# Imminent momentum



## Pursuit (Jul 21, 2015)

*Imminent momentum*


Distant past always holding heat.
         Burning edges, seem to leap.
         Glowing timber--consumed.

Dreadful tears absorb the air.
         Unstable pillars, crumbling chair.
         Murky waves, finally--doomed!

 Emissions, of chasing locust.
         Plaguing earth, whom to notice?
         Insidious soul, apparently-- loomed.


----------



## Mesafalcon (Jul 21, 2015)

Cool.

Nice colors.

Wait, I said something like that to you on your first poem. Well, guess I like the font choices.


----------



## Pursuit (Jul 22, 2015)

Mesafalcon said:


> Cool.
> 
> Nice colors.
> 
> Wait, I said something like that to you on your first poem. Well, guess I like the font choices.
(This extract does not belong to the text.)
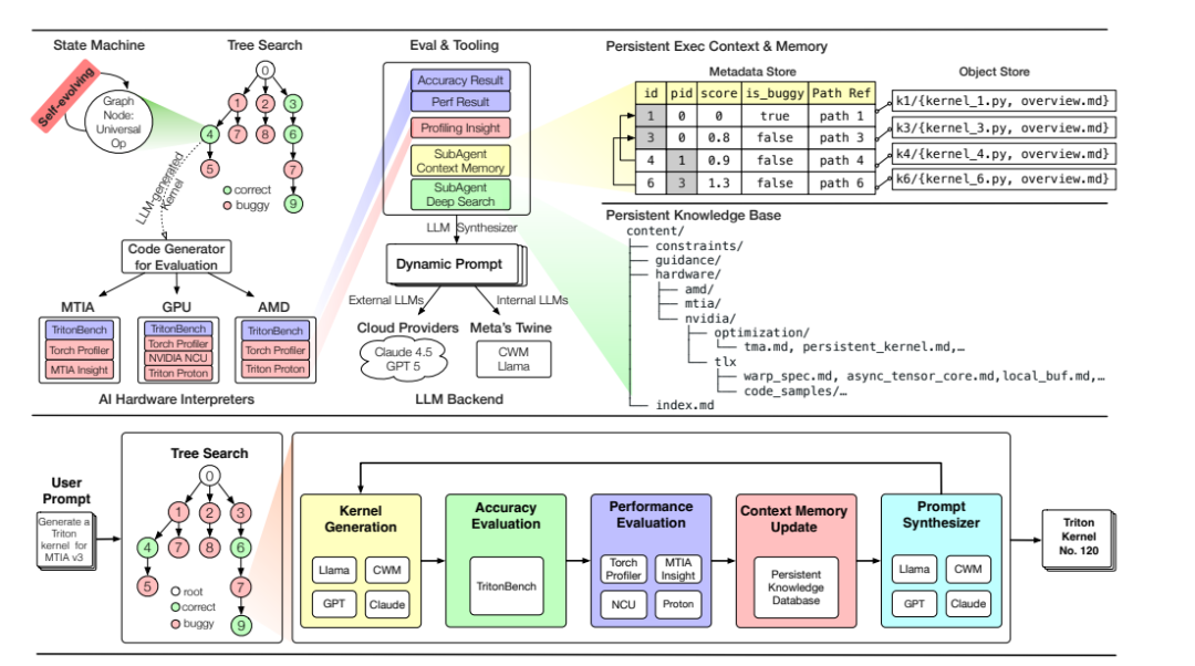 Meta自己搞的MTIA芯片,训练语料里根本没有。KernelEvolve通过知识注入,把硬件特性文档喂给系统,LLM就能生成生产级的MTIA内核。

 LOL you liked the font colors more than the poem itself haha


----------



## Mesafalcon (Jul 22, 2015)

Pursuit said:


> LOL you liked the font colors more than the poem itself haha



In this case. Yes.

But I do like something about the post. And ya know what. It makes it stand out in the sea of black and white (well, this forum is tinted green, but you know what I mean)

Forgot the rating.

6.5/10


----------



## Pursuit (Jul 22, 2015)

Mesafalcon said:


> In this case. Yes.
> 
> But I do like something about the post. And ya know what. It makes it stand out in the sea of black and white (well, this forum is tinted green, but you know what I mean)
> 
> ...



Thanks for your feedback ^^


----------



## Mesafalcon (Jul 22, 2015)

Pursuit said:


> Thanks for your feedback ^^



Thanks for thanking me for giving you feedback.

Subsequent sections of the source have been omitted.